Many of the tools and practises developed for the digital forensics field can be integrated into digital preservation techniques. This is particularly true regarding:
- processes for securing, analysing, and appraising material prior to ingest into a repository or digital archive.
- donated personal digital archives, where physical hardware and media are acquired, rather than digital content.
Digital Forensic best practises deal with:
- Acquisition: activities to secure and preserve the state of physical and digital evidence. These include disk imaging, metadata creation, and producing authentic copies for examination. These techniques can also be used to “secure and preserve the state” of physical media and digital content.
- Examination: a rigorous, systematic examination of data to locate information of interest to the investigation. Methods here include duplicate detection, identifying system files from Operating Systems, programs, etc., detecting encryption, detecting personal data, and time line analysis.
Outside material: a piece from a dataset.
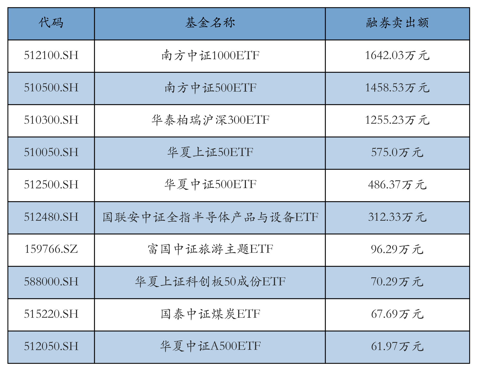 5月22日ETF融券卖出额前三位分别为:南方中证1000ETF(1642.03万元)、南方中证500ETF(1458.53万元)和华泰柏瑞沪深300ETF(1255.23万元),前10具体见下表:
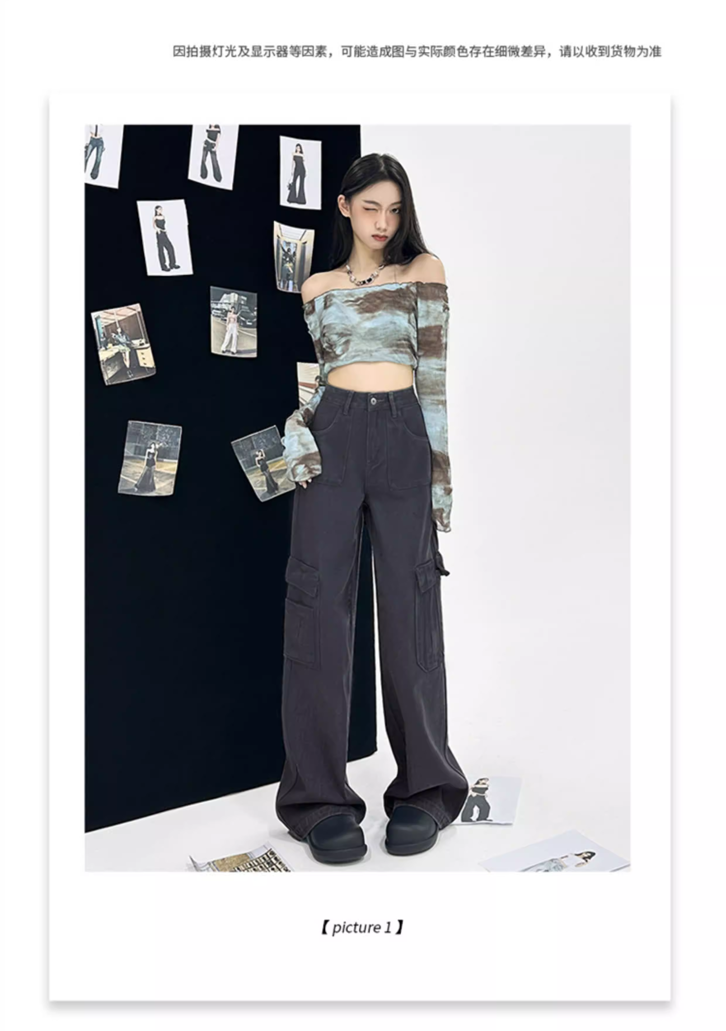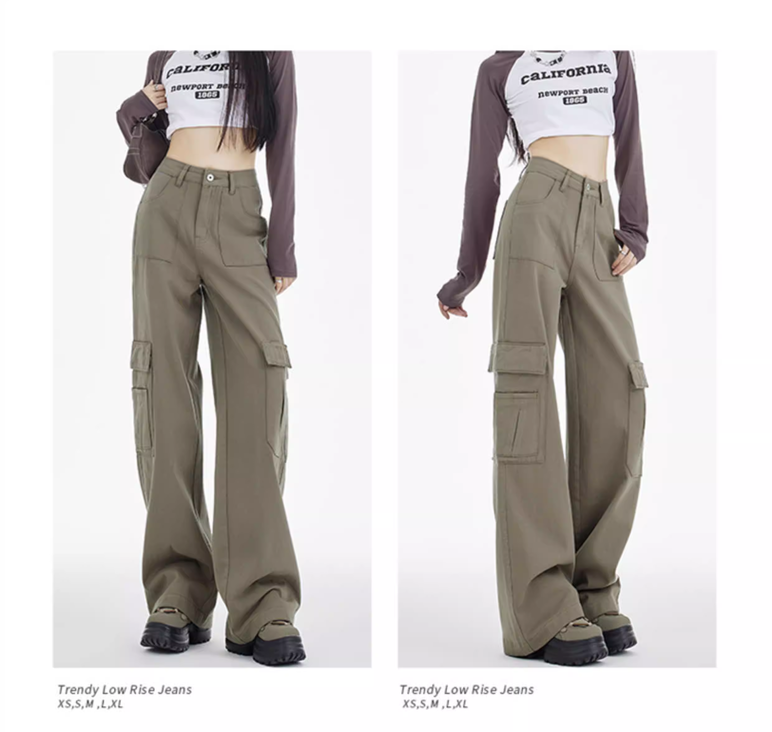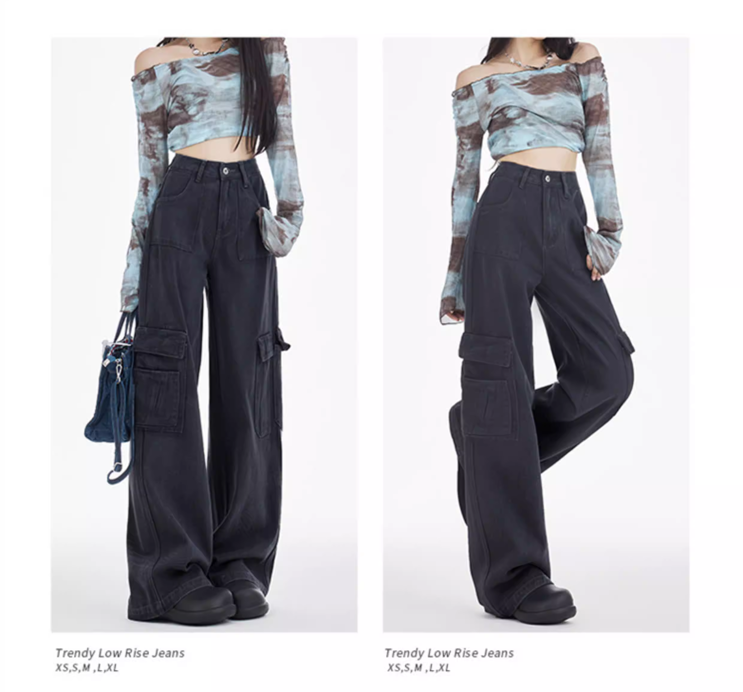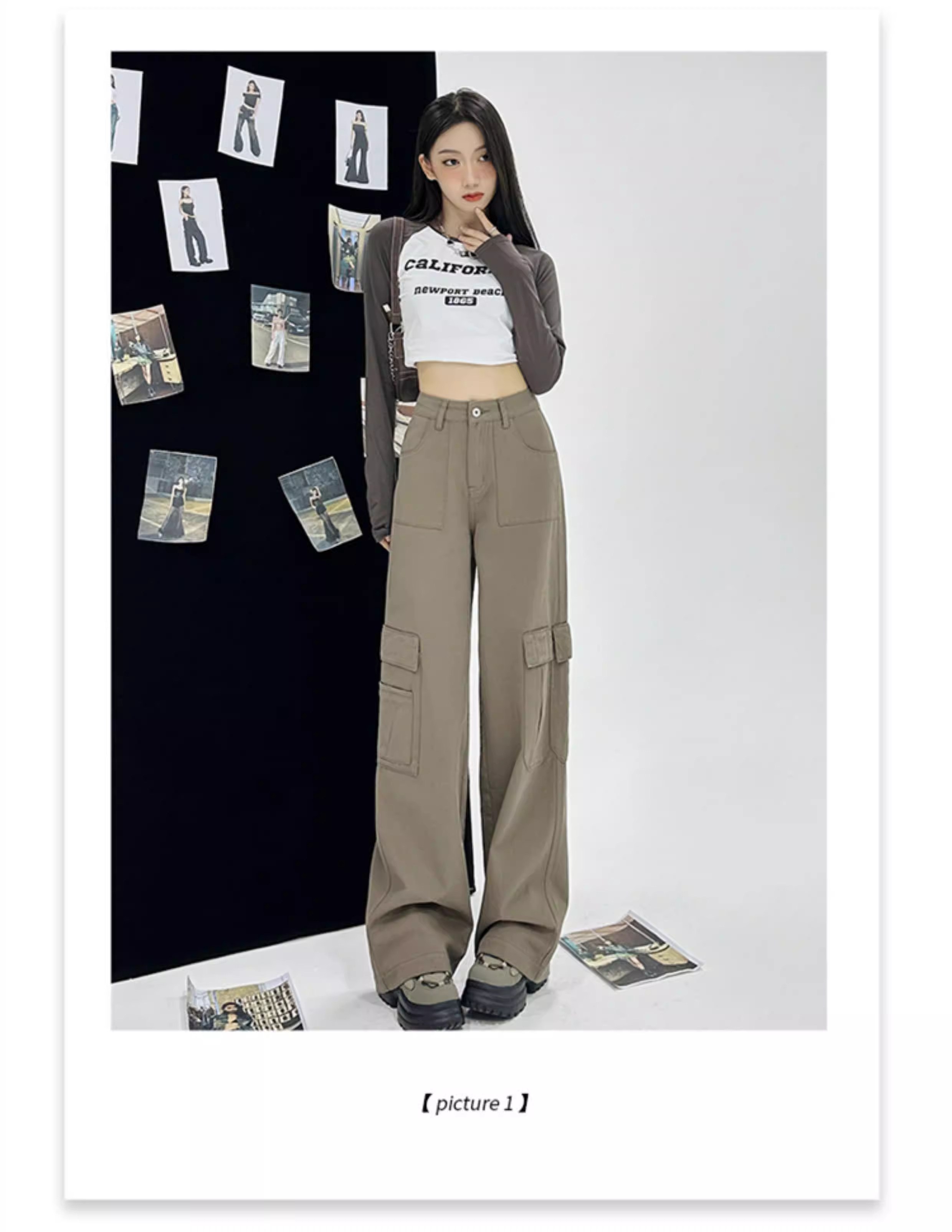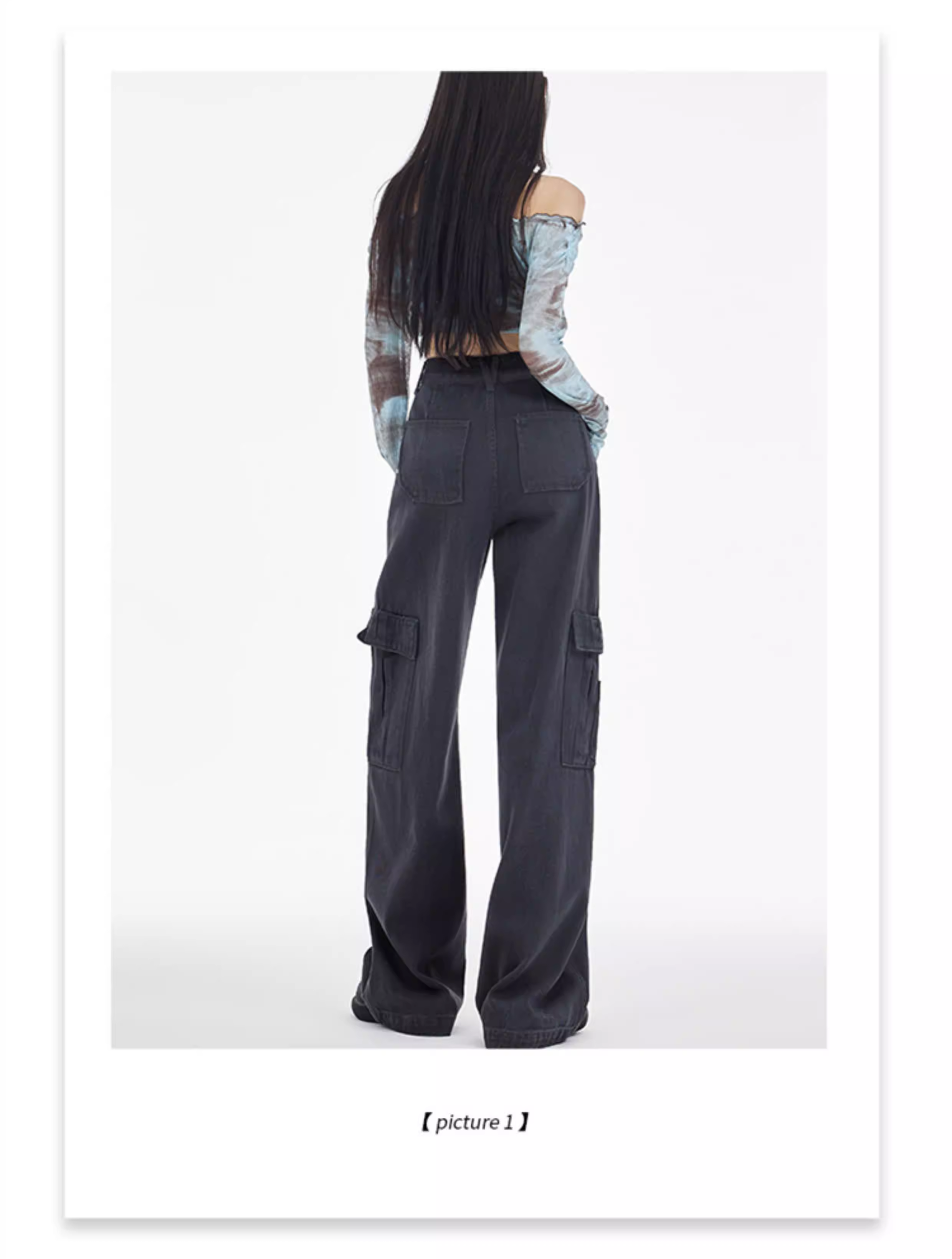 - Quần cargo denim kiểu Mỹ La Chapelle dành cho nữ, thu đông 2025, kiểu mới, cạp cao, màu xám xi măng, lót lông, dáng rộng, ống rộng

These techniques can complement existing characterisation methods in the digital preservation field.
- Analysis: an often manual analysis of extracted data, evaluating it for relevance to the investigation. A digital preservation practitioner’s activities might include assessing the relevance digital material to the collection, finding or removing personal information, or creating a content profile.
These forensic tools and methods combined with established digital preservation tools and techniques can provide a pre-ingest workflow that:
- secures data at the point of acquisition.
- allows tools to be run on imaged copies protecting the source media and data.
- provides the metadata required to make informed decisions regarding the content.
What those decisions are in practise depends on variable factors including the type of access to be provided, permissions granted by the rights holder, and institutional policy.
One scenario might be that a subset of content is extracted from the image and ingested into a repository. Access to this material could be provided through an emulated environment, the choice of environment and rendering software informed through metadata gathered during the pre-ingest process.
When requirements and permissions allow however a potentially exciting emulation opportunity may present itself. It is possible to virtualise some of disk images created from the original media. The image must contain a supported working operating system and the process isn’t certain to be successful. When this approach works access to the material can be provided through an emulated version of the original machine, which may have belonged to an author or researcher. This article in The Atlantic, and this one from The New York Times describe a nice example of the use of these or similar techniques to preserve the personal digital archive of Salman Rushdie.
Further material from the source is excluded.